I'm just prescient that way.

Leigh Walton of Top Shelf was kind enough to send me an "advance uncorrected black-and-white galley" of some new comics periodical called The League of Extraordinary Gentlemen Century: 1910 by some guys named Alan Moore and Kevin O'Neill. Man, they're never going to become stars if they keep the titles that long! I'd like to thank Mr. Walton for sending it over to me. It's coming out next month, but now is a fine time to review it, right?



Century is a nice return to form for Moore after the well-written and beautiful mess that was The Black Dossier. This book actually has a plot, although it's not complete, as it's the first of a trilogy. Moore, however, does a fine job setting up the rest of the story. Plus, we get a rousing adventure to boot.



The basic plot is easy enough to cover: Captain Nemo's daugher, Janni, rejects her father's orders to take over the Nautilus and flees to London (kids today!). Meanwhile, back at the League's HQ, the newest incarnation is having problems. Thomas Carnacki is dreaming of a diabolical ritual, and when the league investigates, they find out that Mycroft Holmes is concerned about occult happenings as well. Plus, a killer who left London in 1888 has returned from overseas and is taking up his craft again. It's all very vexing.

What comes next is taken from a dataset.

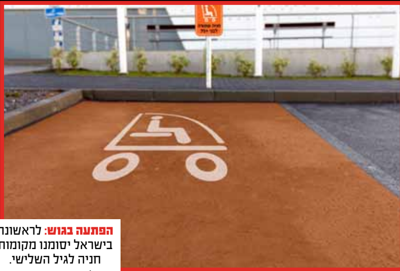
הפתעה בגוש: לראשונה בישראל יסומנו מקומות חניה לגיל השלישי.

In this volume, we get as far as Nemo's daughter, Pirate Jenny (she Anglicizes her name to fit in with the character from The Threepenny Opera), taking over her birthright (and causing mass destruction in the process). Moore zips from story to story, as we see Jenny slowly realize she can't escape her past, the serial killer ripping his way through London's underworld, and Mina and the league investigate what's going on. These three stories come together at the end, but Moore, as is usual with him, pulls the rug out from under us more than once. Jenny's story is the most straightforward, as she leaves her father, enters the tawdry underbelly of London, and experiences things that make her realize where she belongs. The other two stories play on our expectations, but Moore does a good job twisting the plots - the killer is not who he seems, while the league, as we've seen from The Black Dossier, is relatively ineffectual. The ending is a bit anticlimactic for this reason (I should say it's not that the ending is unexciting, because there's quite a lot of excitement, just that it's oddly anticlimactic), but as it's the first part of a trilogy, I don't really mind. There will be more about the occult ritual, and presumably more from Pirate Jenny.

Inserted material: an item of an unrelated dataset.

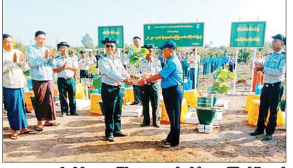
ဧရာဝတီတိုင်းဒေသကြီး ကျိုပျော်ခရိုင် ရေကြည်မြို့နယ် ငါးသိုင်းချောင်းမြို့ မိသားစုကျေးရွာအုပ်စု ၃၄၄ အမြောက်တပ်ရင်း ပိုင်မြေအတွင်း၌ မြို့နယ်သစ်တောဦးစီးဌာနမှဦးဆောင်၍ မေ ၂၉ ရက် နံနက် ၉ နာရီက မိုးရာသီအကြိုသစ်ပင်စိုက်ပျိုးပွဲကျင်းပစဉ်။ (ခရိုင်/မြို့နယ်အဆင့် တာဝန်ရှိသူများ၊ နယ်မြေခံတပ်နယ်မှ တပ်ဖွဲ့ဝင်များ၊ လူမှုရေးအသင်းအဖွဲ့များက ကျွန်းပျိုးပင် ၁၀၀၊ မန်ဂျန်ရှား ပျိုးပင် ၉၀၀ စုစုပေါင်းပျိုးပင် ၁၀၀၀ တို့ကို စုပေါင်း စိုက်ပျိုးကြသည်။ မြို့နယ်(ပြန်/ဆက်)

What makes the book fun, of course (and keeps Jess Nevins in gainful employment) is the way Moore sprinkles the book with literary figures. That has always been the hook of the LoEG books, and while it overwhelmed The Black Dossier, in this it remains subject to the story, which is nice. There are plenty of cameos that I know I missed (I think Popeye shows up early on, but he didn't debut until 1929, so who knows if it's him), but they don't interfere with the narrative. Moore even uses a character who first appeared in 1997 (as the inestimable Mr. Nevins has pointed out), but one who travels through time, so it's not surprising he shows up in 1910 (and makes a Harry Potter comment, which Mina and Allan Quatermain don't get). Unlike The Black Dossier, the way Moore blends the literary aspects with the real-world aspects (the book revolves around the coronation of George V) isn't overdone and helps the book move along nicely.



The other thing that makes the book fun is O'Neill's art. O'Neill has been working on League of Extraordinary Gentlemen and little else for years now, so he doesn't get the opportunity to shine too often, so when a new iteration of this comes out, it's so very enjoyable. I'm sure Moore's scripts are amazingly dense and therefore O'Neill doesn't get a ton of input, but it's still amazing. The corners of the panels are packed with weird tschotkes of past adventures and, I'm sure, famous novels, while the people of London are wonderfully weird and beautiful and ugly and the architecture is magnificent and dominating and slightly insane. From the splash page, which shows a fully naked (from the front, because there's no squeamishness about nudity in this book) Jenny diving into the sea, we know we're in for a treat. Jenny is inverted as she falls, and the waves reach up toward her while the cliffs scream toward a too-big moon and a too-starry sky. Nemo's city is a horrifying blend of Bond villain modernity and shabby ghetto, London is a cramped slum filled with tragic figures, and the arrival of the Nautilus is stunning and terrifying. O'Neill is one of the few artists who could even attempt to give Moore's scripts the attention they demand, and he pulls it off with aplomb. I cannot wait to see this in full color.



Ultimately, Moore is more concerned with philosophy than plot (the name of this chapter is "What Keeps Mankind Alive?" and the question is answered on the final page by a character about whom we thought we knew a great deal but didn't, it seems), but that doesn't mean the plot doesn't zip along. Moore, though verbose, usually balances the more esoteric parts of his books with the pulpy meat of the narrative, and that's in evidence here. Even as he gives us things 'sploding all over, he digs into the darkness of humanity, both the obvious and not-so-obvious. This is marvelously layered comic (not surprising), and when it shows up on the shelves, you really should pick it up. Come on - it's Moore! It's O'Neill! Do you really need me to tell you to get it?